→ **What you are asked to do**
Repeat the data word for word. Do not include the pictures.

→ **Collected material**

☆ ☆ ☆ ☆ ☆

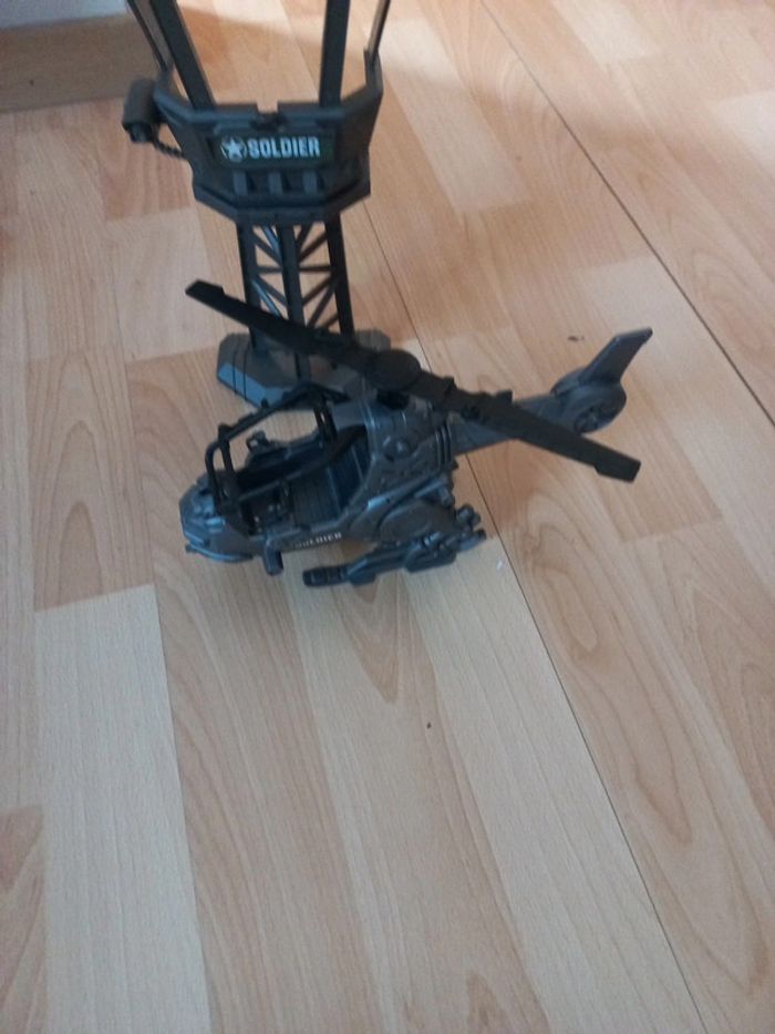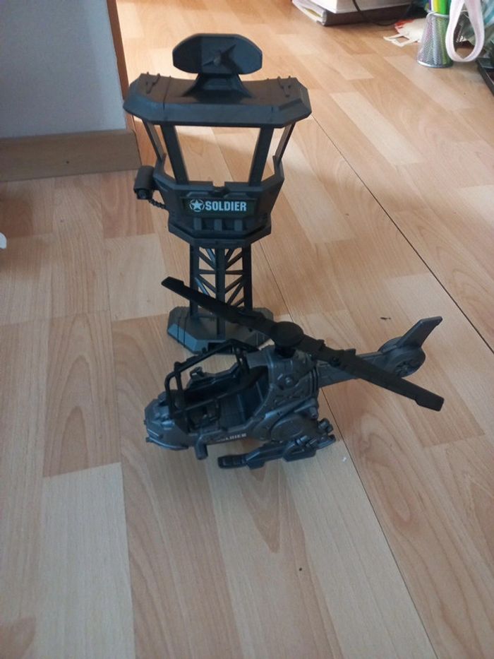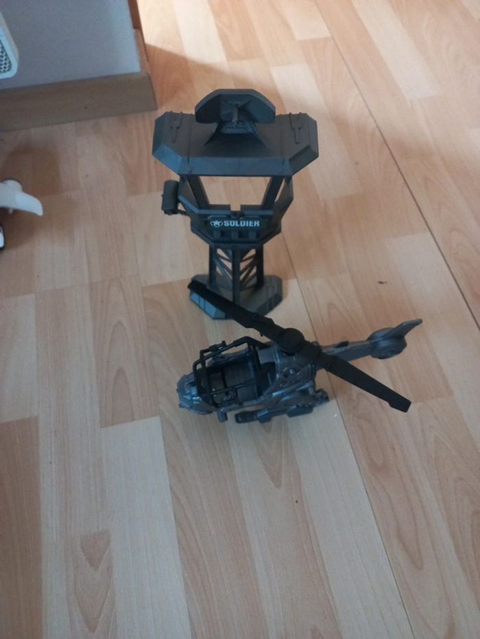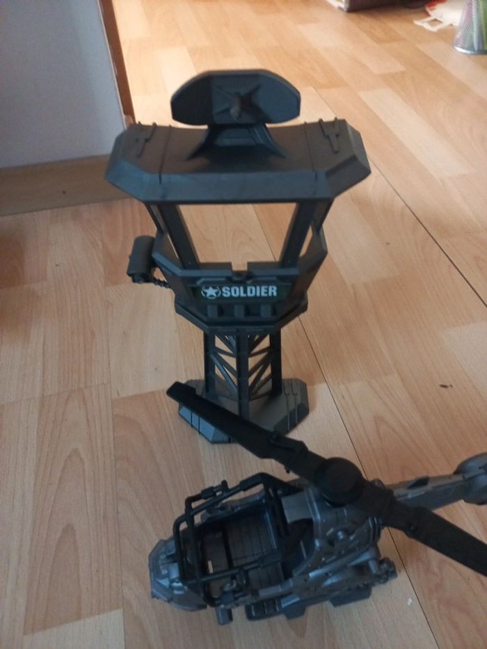 Jouets de l armée une tour et un hélicoptère en très bon état.
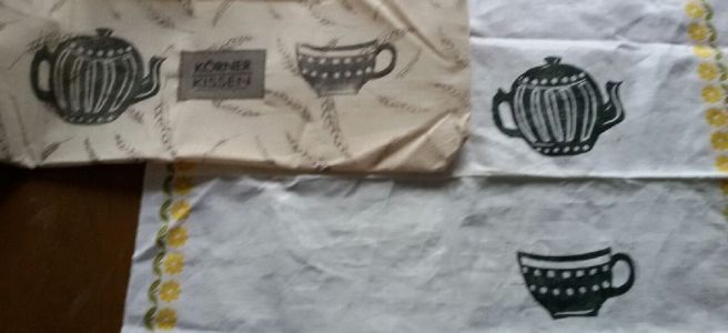 Mutig rollte ich nun mit der Farbwalze über den kleinen Stempel des Segelschiffs und drückte es erstmal ganz an die Seite, falls ich verrutschen sollte oder es nicht gut annehmen würde, bei dem nun mal anderen Material als Papier. Dann kam eine ganze Flotte hinzu, sollte das auch mit feineren Konturen gehen? Es geht sogar sehr gut! Die Linolfarbe ist da wirklich klasse! Ich bin total begeistert. Die Farbe braucht nur einige Zeit zum Trocknen. Daher ist nur eine Seite und was ich vorsichtig umlegen konnte, bedruckt worden, bzw. dann war die Farbe wirklich alle!
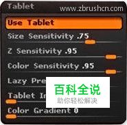数位板在ZBrush中的调节使用 通常情况下,我们只需要正确安装了数位板的驱动程序就可以直接在ZBrush中使用了,ZBrush对各种品牌的数位板支持都不错,默认设置下就可以识别并且使用压感笔雕刻。 但是对于一些经常使用个性设定的朋友,默认的设置肯定是不够的,我们也可以通过调节Preference菜单下的Tablet子面板来定制自己的数位板设置,如图所示。
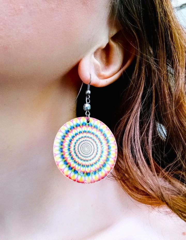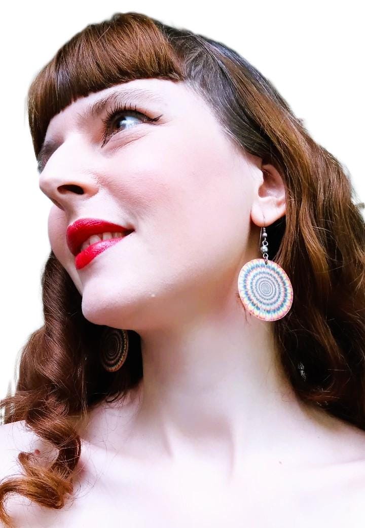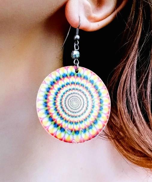 🇬🇧Beautiful pair of vintage pendant earrings from the 90s/ early 2000; seventies revival period; hippie or disco style; mother of pearl; with multicolored psychedelic pattern: very good quality; very good condition.

☆ ☆ ☆ ☆ ☆

→ **Solution to this task**
 Jouets de l armée une tour et un hélicoptère en très bon état.
 Mutig rollte ich nun mit der Farbwalze über den kleinen Stempel des Segelschiffs und drückte es erstmal ganz an die Seite, falls ich verrutschen sollte oder es nicht gut annehmen würde, bei dem nun mal anderen Material als Papier. Dann kam eine ganze Flotte hinzu, sollte das auch mit feineren Konturen gehen? Es geht sogar sehr gut! Die Linolfarbe ist da wirklich klasse! Ich bin total begeistert. Die Farbe braucht nur einige Zeit zum Trocknen. Daher ist nur eine Seite und was ich vorsichtig umlegen konnte, bedruckt worden, bzw. dann war die Farbe wirklich alle!
数位板在ZBrush中的调节使用 通常情况下,我们只需要正确安装了数位板的驱动程序就可以直接在ZBrush中使用了,ZBrush对各种品牌的数位板支持都不错,默认设置下就可以识别并且使用压感笔雕刻。 但是对于一些经常使用个性设定的朋友,默认的设置肯定是不够的,我们也可以通过调节Preference菜单下的Tablet子面板来定制自己的数位板设置,如图所示。
 🇬🇧Beautiful pair of vintage pendant earrings from the 90s/ early 2000; seventies revival period; hippie or disco style; mother of pearl; with multicolored psychedelic pattern: very good quality; very good condition.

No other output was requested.